The concept of the InteliGrid Ontology Framework for semantic VO interoperability together with its intended use in the VO environment is shown in the figure below. On the right hand side it presents schematically the envisaged run-time VO environment using the semantic grid paradigm. Users of the environment connect to it via their ontology-based virtual desktops that provide access to all environment services. On the left hand side the figure shows the principal components of the ontology framework providing the basis for achieving semantic interoperability and collaboration.

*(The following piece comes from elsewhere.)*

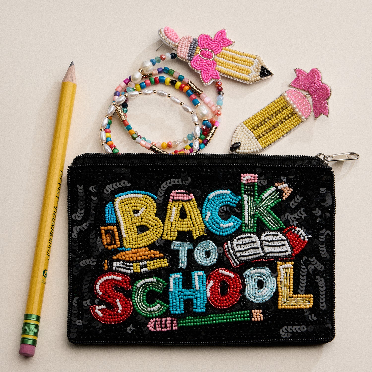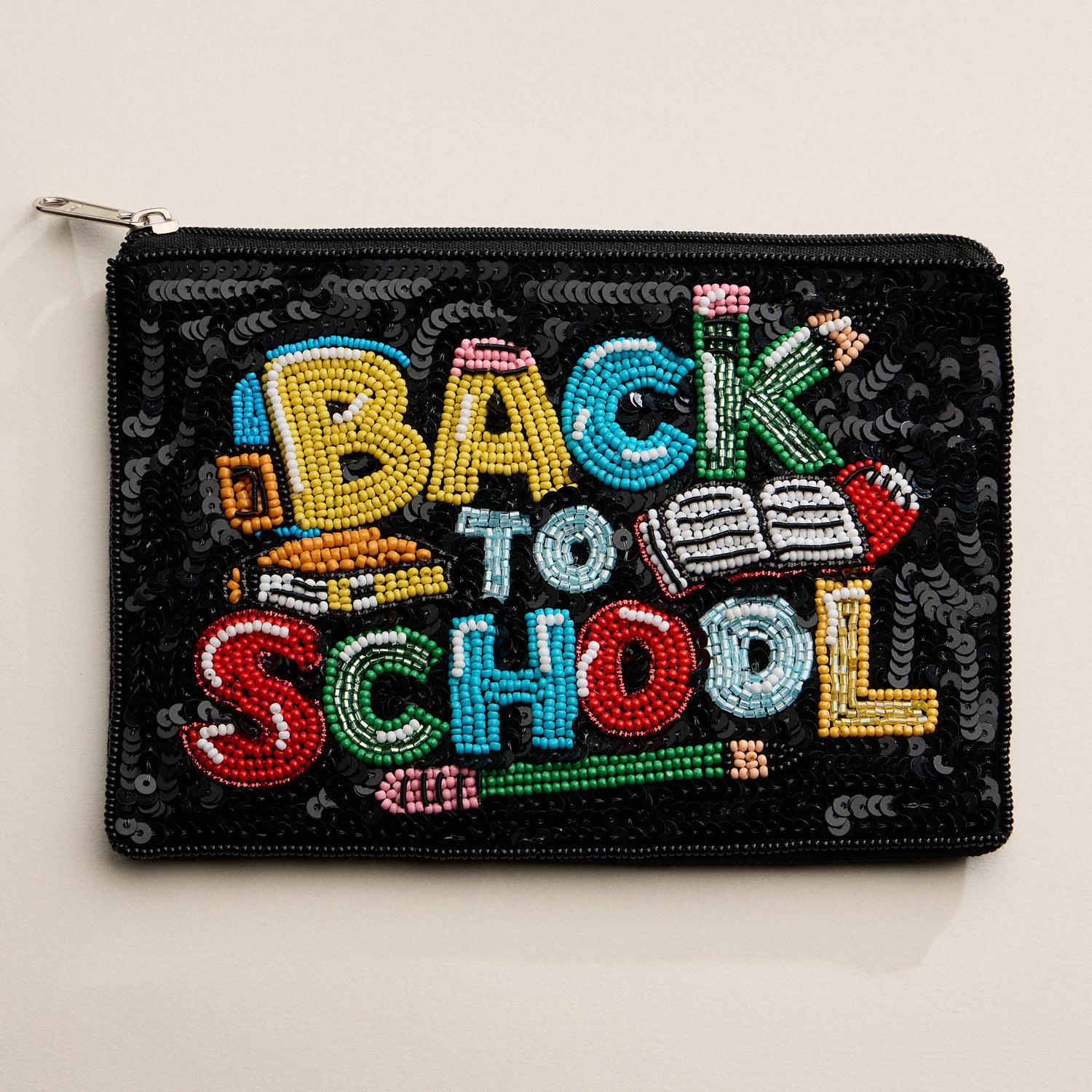 Start the school year in style with this fun beaded Back to School pouch. Featuring vibrant hand-beaded designs with books, pencils, and colorful text on a black sequin background, it’s perfect for holding pencils, pens, or small essentials. A must-have for students, teachers, or anyone who loves school vibes.

It is important to under-stand that concepts defined in the ontologies on the left side of the figure act as semantic proxies of entities in the “real” environment. They allow capturing se-mantic metadata about the things in the distributed run-time environment in a cohe-rent way, albeit separated from the real entity itself. Thus it becomes possible to provide semantic informa-tion in a flexible metadata framework for semantic VO interoperability. Due to various reasons (already existing specifications and services, security/performance considera­tions etc.) run-time components cannot be expected to be fully conformant with the ontology specifications comprising the semantic framework. Therefore, in the middle part of the figure typical mapping components are shown that have the task to “translate” ontology concepts to existing practical schemas and data structures as e.g. the RBAC model defining access rights and authorisation of users. Whilst at this level many different variations are theoretically possible, current technologies appear to converge to a relatively small set of specifications. This makes the mapping task manageable in the context of specific industry contexts as e.g. scenarios for the AEC domain.

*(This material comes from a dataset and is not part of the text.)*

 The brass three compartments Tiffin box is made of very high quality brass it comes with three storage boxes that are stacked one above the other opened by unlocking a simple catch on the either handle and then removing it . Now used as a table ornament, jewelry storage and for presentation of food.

Ontology definitions are structured into four separate, yet interconnected specifications:

  • The Resource Ontology is dedicated to the representation of all data resources available in the environment (files, documents, databases, product models, product model views, etc.). Its possible domain extensions may incorporate ontological representations of domain product data models such as IFC in the AEC domain or PLCS in the aeronautic industry.
  • The Service Ontology (OWL-S as is) formally defines the available grid services using the definitions of the Resource Ontology to specify the content exchanged/provided by the grid services. Domain extension of this ontology is optional and may provide service subclasses that are more tightly bound to respective business requirements.
  • The Organisational Ontology defines the concepts of VO actors, VO structure, persons, organisations and roles together with the respective access control and authorisation constraints.
  • The Business Process Ontology plays a superior role in the developed framework. It is the ontology that provides encompassing view on the environment, enables direct relationship to business processes and related business requirements, and can even be used as basis to support workflow management. Whilst it is not mandatory to use this ontology in a run-time environment, it provides the greatest semantic depth and the most comprehensive interoperability capabilities to both users and services.

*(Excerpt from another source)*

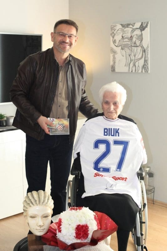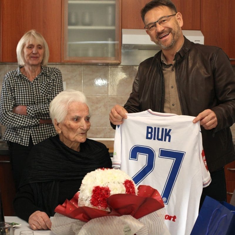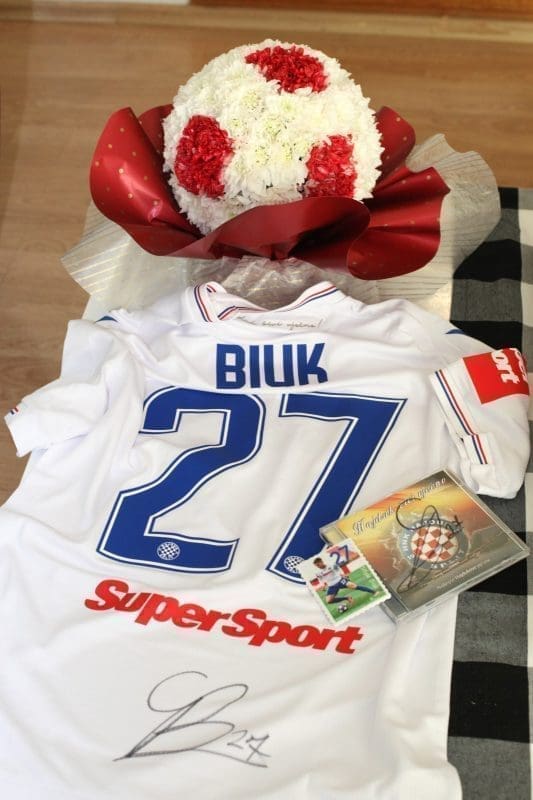 Pripremili smo našoj vatrenoj navijačici Hajdukov dres kojeg je potpisa naš Stipe Biuk, buket u obliku nogometnog baluna i CD sa hajdučkim pismama.

The Resource, Services and Organisational ontologies only reference each other but are not dependent on the Business Process Ontology. They can also be used independently, providing basic semantic descriptions related to organisational entities, resources and services that can be implemented within a generic Ontology Service. On the contrary, the Business Process Ontology is strongly dependent on these lower level core ontologies, which enables it to provide more complex semantic support.

This modular modelling approach enables different levels of support and different configurations of the environment for each specific case. It also greatly facilitates the modular development of the respective ontology services by clearly defining their information and functionality boundaries. The Ontology Services in the scope of InteliGrid constitute the layer “Semantic Interoperability Services” in the architecture. They are connected to the Business Services and make use of the Grid Middleware Services for authorisation management and generic access to grid resources.

The Ontology Services provide generic and specific (convenience) methods to create, manipulate and manage ontology instances of classes defined in the described ontologies. Interfaces make use of the XML-based OWL notation for data exchange. The SPARQL query language is used for ontology query functionality. Convenience methods provide access to instances of dedicated ontology classes and facilitate their management, e.g. createProject(…), deletePerson(), etc. Such methods are impor­tant for less powerful clients (without elaborated semantic functionality), and can improve acceptance of semantic services in general.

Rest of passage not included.